Klaudia Pluta1, Dagmara Malina1, Bożena Tyliszczak2 and Agnieszka Sobczak-Kupiec1
  • 1 Institute of Inorganic Chemistry and Technology, Cracow University of Technology, Poland
  • 2 Department of Chemistry and Technology of Polymers, Cracow University of Technology, Poland

Materials that contain silver nanoparticles possess strong antimicrobial properties allowing to decrease the risk of developing a wound infection. Hydroxyapatite  is naturally occurring mineral based on calcium phosphate This material has a high degree of biocompatibility, exhibits osteoconductive behavior and can promote chemical bonding between implanted material and living tissue.

The main objective of this study was estimation of the inhibition of bacterial growth on the surface of hydroxyapatite doped with variable amounts of silver nanoparticles, synthesized in situ, against bacteria such as E.coli, S. aureus and E. faecalis respectively.

This evaluation was analyzed by means of Kirby-Bauer method and was based on measurement of sensitivity of bacteria exposed to hydroxyapatite sample doped by silver nanoparticles by culturing bacteria on solid growth media surrounding sources of tested substances.

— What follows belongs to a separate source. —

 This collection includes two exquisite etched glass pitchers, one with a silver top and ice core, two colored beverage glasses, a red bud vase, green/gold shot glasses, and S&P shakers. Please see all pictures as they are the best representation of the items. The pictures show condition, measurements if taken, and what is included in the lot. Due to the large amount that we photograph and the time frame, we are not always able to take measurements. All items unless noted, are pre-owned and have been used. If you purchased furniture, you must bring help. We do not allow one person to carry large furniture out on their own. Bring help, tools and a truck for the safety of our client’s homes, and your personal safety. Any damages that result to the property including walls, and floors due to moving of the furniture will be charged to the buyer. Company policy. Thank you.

Mueller Hinton agar was used as a culture medium. The density of bacterial suspensions was adjusted to 0,5 McFarland unit. 9 mm discs containing suspensions of bone substitute (100 mg/ml) were placed on agar plate. The samples were incubated for 24 h at 37˚C. Prior to analysis hydroxyapatite was obtained by calcination of bone pulp. The first sample contained pure hydroxyapatite, second hydroxyapatite modified with 1000 ppm of silver nanoparticles and third HAp with 500 ppm of AgNPs.

Table 1. Evaluation of inhibition of bacterial growth

Table 1 presents the results of measured zones of inhibition. Due to the presence of silver nanoparticles, samples 2 and 3 exhibited antibacterial activity on E. coli and S. aureus. Notably, the size of inhibition zone is determined by the concentration of silver nanoparticles. A higher  content of AgNPs lead to formation of   larger zone of inhibition. Interestingly, the E. faecalis bacteria are not sensitive to any sample.

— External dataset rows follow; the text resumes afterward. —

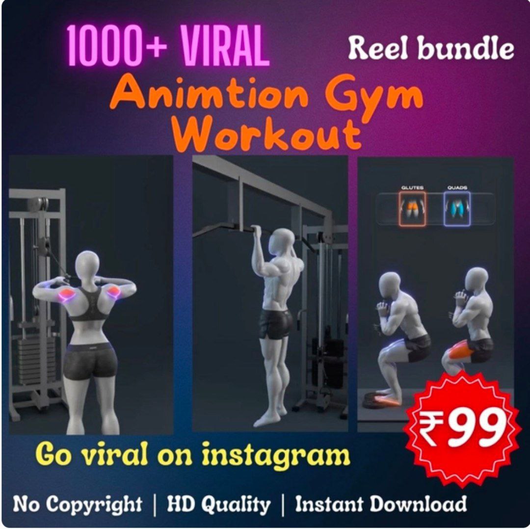 This bundle gives you access to 1000+ animation gym workout reels perfect for Instagram Reels, YouTube Shorts and Facebook Reels.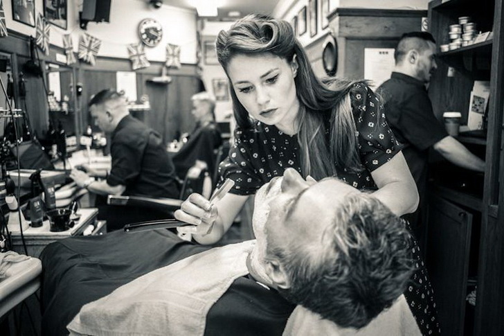 理髮師擁有精湛的刮鬍技巧,同時還有各種工具來完成這項工作。在使用熱毛巾軟化鬍鬚和臉部肌膚後,理髮師會在顧客臉上塗抹刮鬍泡沫,用來軟化鬍鬚和潤滑肌膚。然後,理髮師會借由手指與客戶皮膚的接觸,並以手腕作為樞軸,巧妙的在鋒利的刀片上施加適當的壓力進行刮鬍,這需要長期經驗與技巧。最後顧客會擁有乾淨又水噹噹的肌膚。這是一個奢華、輕鬆的體驗,但是昂貴又耗時,而且很難在家中複製。就像美容/美髮/SPA 之於女人一樣,刮鬍修面是過去繁忙男人閒暇時最好的消遣方式,也是某程度的社交活動。聊聊天氣,聊聊新聞,閉目享受理髮師周到的服務。從店裡再走出,就是一個“改頭換面”的乾淨紳士,何樂而不為?維克多雖然沒有遇上這個年代,但是光用想像就覺得很舒服。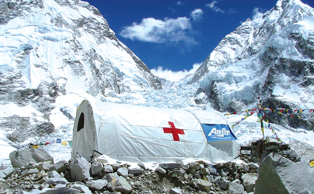 Starting from the spring of 2003, the 50th anniversary of the first ascent of Everest, a group of three doctors and a Nepali staff have been running health camps from April 1 to the end of May (end of the spring climbing season) at the base camp every year. The facility has provided medical assistance to over 1,800 patients and has organized over 150 helicopter evacuations.

Samples 2 and 3 showed an increased antimicrobial activity against S. Aureus leading to a decrease in viability of the bacterial strain. A sample of pure hydroxyapatite does not exhibit a strong antibacterial effect.

The results showed that the antibacterial activity of tested materials, except the pure hydroxyapatite, reached the highest values against E.coli and S. aureus. Kirby-Bauer tests revealed that the samples 2 and 3 show inhibitory activity and in the future can be used as a bone substitutes with valuable antimicrobial properties.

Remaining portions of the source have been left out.